"Un país en serio”: ese era el eslogan de la campaña electoral que, hace diez años, postulaba a Néstor Kirchner como presidente.

Y aunque los publicistas lo fustigaban como uno de los peores eslóganes de toda la historia del marketing político argentino, hay que reconocer que la frase estaba en sintonía con lo que la gente sentía.

Por estas horas, los canales de TV transmiten calientes debates que giran en torno a qué tanto se cumplió esta consigna.

Es, como ya es costumbre en la Argentina, una polémica con pocos matices, donde están los defensores acérrimos del “modelo K” -que hablan de una “década ganada”- y enfrente los opositores, que atribuyen los éxitos a la buena suerte y lo malo a la impericia gubernamental.

Como siempre, hay datos estadísticos disponibles para apoyar cualquier postura que se quiera adoptar.

El crecimiento acumulado del 91% del PBI; la renegociación de US$100.000 millones que constituyeron el default más grande del mundo y, sobre todo, la caída del desempleo, desde el pavoroso nivel de 25% hasta el 7% actual están en el haber.

Por el contrario, una persistente inflación que hoy está en 23% (la segunda más alta del mundo), el deterioro de la infraestructura (que se expresa en la pérdida del autoabastecimiento energético) y una larga lista de distorsiones de la economía ponen en duda que se pueda hablar de “un país en serio”.

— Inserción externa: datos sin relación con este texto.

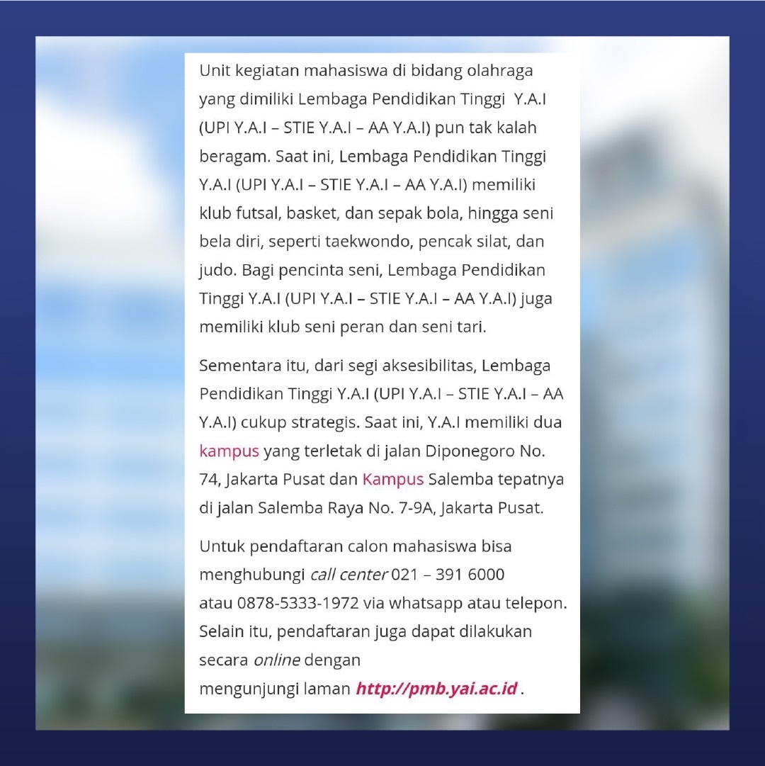#YAICampus #UPIYAI #STIEYAI #AAYAI #KampusStrategis #KampusFavorit

Peor aún, en estos momentos en los que el crecimiento a “tasas chinas” del primer período del kirchnerismo parece un recuerdo de algo ya irrepetible, se está viviendo un retorno de viejos fantasmas.

Como el del retraso cambiario que recuerda al final de la convertibilidad –de lo cual da cuenta el regreso de los problemas de empleo-, así como del insostenible abaratamiento en las tarifas de los servicios públicos. Y todo en el contexto de una presión impositiva que, según una estimación del Instituto Argentino de Análisis Fiscal, pasó en una década del 19,3 al 29,4% del PBI.

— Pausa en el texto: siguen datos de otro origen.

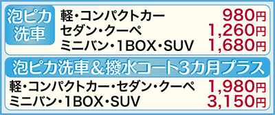 この「泡ピカ洗車」は、機械で洗うのではなく、プロによる優しくていねいな手洗い洗車。さらに、美しい光沢が約3カ月も保てるという撥水コートをプラスすればもう完璧(表参照・全て税込)。

El dólar paralelo, clásico termómetro del humor social, nuevamente disparado por encima de cualquier análisis técnico muestra los síntomas evidentes de agotamiento del “modelo”.

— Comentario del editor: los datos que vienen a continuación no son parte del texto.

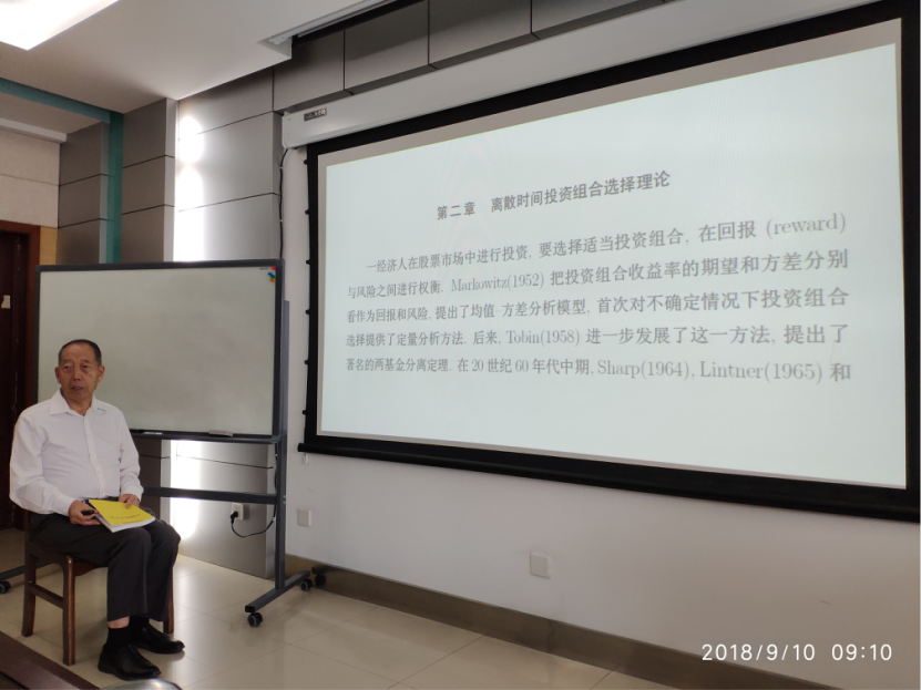 严加安院士首先给老师和同学们介绍了《金融数学引论》这本优秀的著作,从其第二章离散时间投资组合选择理论给大家展开了金融数学课程的具体讲解。

La urgencia por salir del pozo. Pero las cosas eran muy diferentes hace diez años. En aquellos días, como suele recordar Cristina Kirchner, los bancos todavía lucían en sus fachadas las chapas contra las cuales se desfogaban los irritados ahorristas que tenían su dinero atrapado en el “corralito”. Y, como también machaca la presidenta en sus discursos, había un nivel de desempleo por encima del 20%.

En ese contexto, el debate sobre “modelos de país” no tenía mucho rating. Se sabía lo que no se quería –la tragedia de los cuatro años de recesión y su consecuencia de caos social- pero no estaba claro cuál sería el programa que reemplazaría al denostado menemismo.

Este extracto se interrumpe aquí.